## TASK GOAL
Copy word for word the lines of the records below, beginning at the one with "ขอเชิญชวนทุกท่านมาร่วมเชียร์และเป็นกำลังใจให้กับน้อง ๆ นิสิต" and finishing at the one with "Elegant gold Kenneth", ends included, but none of the pictures.

EXERCISE MATERIALS below:

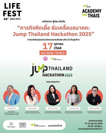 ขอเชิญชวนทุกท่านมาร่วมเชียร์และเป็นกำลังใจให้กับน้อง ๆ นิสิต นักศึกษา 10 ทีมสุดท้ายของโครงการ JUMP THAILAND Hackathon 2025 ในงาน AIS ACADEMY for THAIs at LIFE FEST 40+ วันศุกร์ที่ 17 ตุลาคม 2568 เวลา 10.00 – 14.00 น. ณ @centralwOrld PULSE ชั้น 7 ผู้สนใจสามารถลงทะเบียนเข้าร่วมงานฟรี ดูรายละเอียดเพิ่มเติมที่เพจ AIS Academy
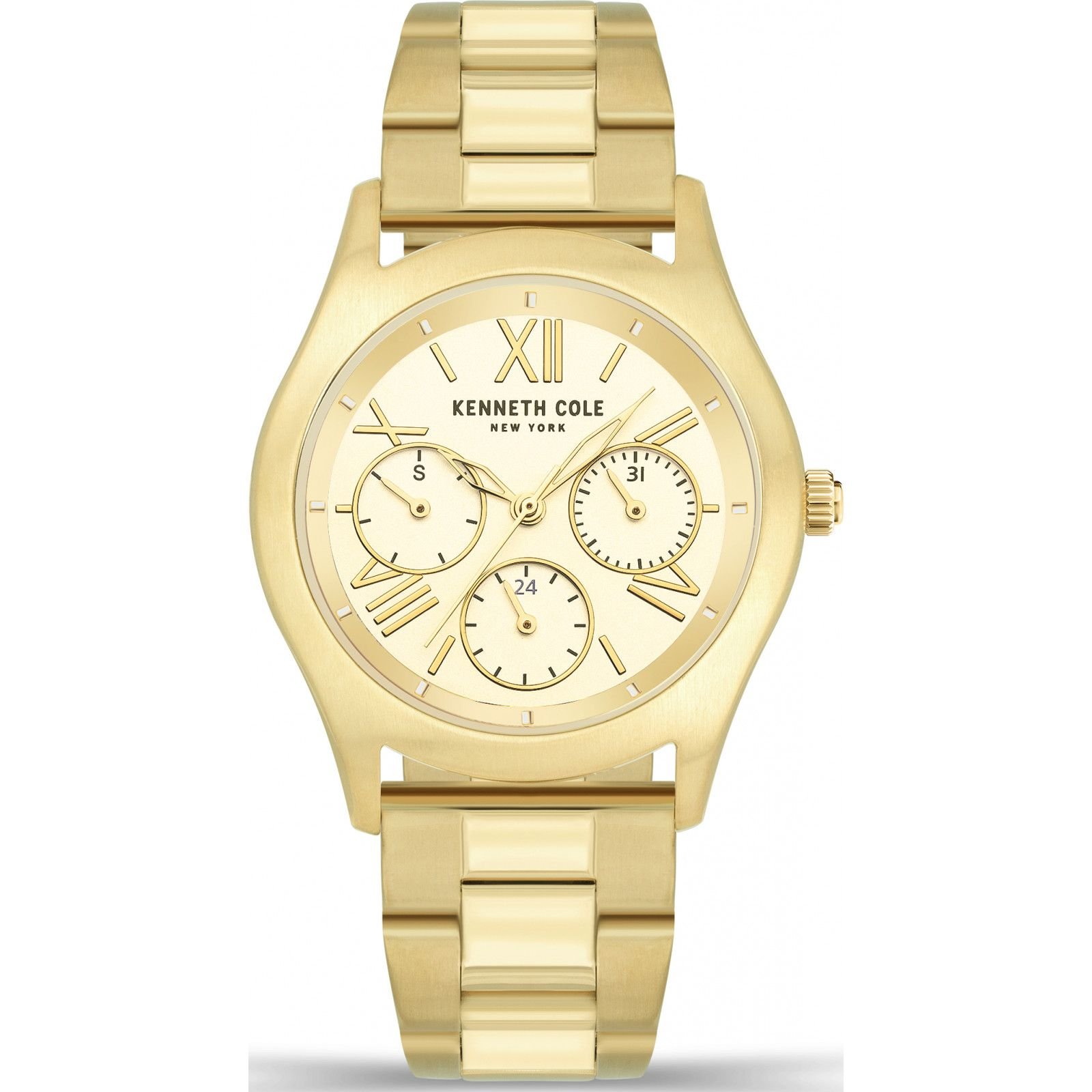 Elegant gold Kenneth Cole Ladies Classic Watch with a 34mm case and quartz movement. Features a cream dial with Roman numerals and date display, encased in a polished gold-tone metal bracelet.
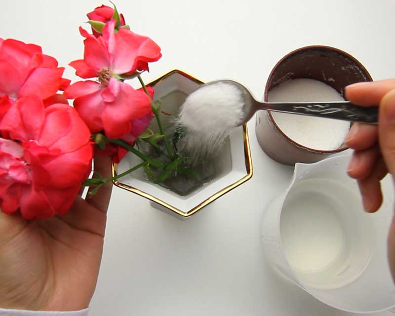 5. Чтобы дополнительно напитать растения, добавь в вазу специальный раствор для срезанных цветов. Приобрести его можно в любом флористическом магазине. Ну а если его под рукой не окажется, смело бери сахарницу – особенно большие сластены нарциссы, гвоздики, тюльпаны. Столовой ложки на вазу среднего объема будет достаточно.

End of EXERCISE MATERIALS.
EXERCISE MATERIALS below:

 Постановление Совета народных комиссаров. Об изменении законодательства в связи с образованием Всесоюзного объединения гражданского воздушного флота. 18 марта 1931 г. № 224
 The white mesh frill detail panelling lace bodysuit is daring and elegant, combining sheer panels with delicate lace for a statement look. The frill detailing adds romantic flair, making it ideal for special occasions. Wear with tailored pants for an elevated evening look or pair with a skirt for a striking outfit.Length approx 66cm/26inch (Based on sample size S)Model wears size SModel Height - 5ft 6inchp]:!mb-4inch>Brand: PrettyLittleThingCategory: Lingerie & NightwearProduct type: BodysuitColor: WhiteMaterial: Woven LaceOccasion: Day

End of EXERCISE MATERIALS.

## ANSWER TO THE EXERCISE
 ขอเชิญชวนทุกท่านมาร่วมเชียร์และเป็นกำลังใจให้กับน้อง ๆ นิสิต นักศึกษา 10 ทีมสุดท้ายของโครงการ JUMP THAILAND Hackathon 2025 ในงาน AIS ACADEMY for THAIs at LIFE FEST 40+ วันศุกร์ที่ 17 ตุลาคม 2568 เวลา 10.00 – 14.00 น. ณ @centralwOrld PULSE ชั้น 7 ผู้สนใจสามารถลงทะเบียนเข้าร่วมงานฟรี ดูรายละเอียดเพิ่มเติมที่เพจ AIS Academy
 Elegant gold Kenneth Cole Ladies Classic Watch with a 34mm case and quartz movement. Features a cream dial with Roman numerals and date display, encased in a polished gold-tone metal bracelet.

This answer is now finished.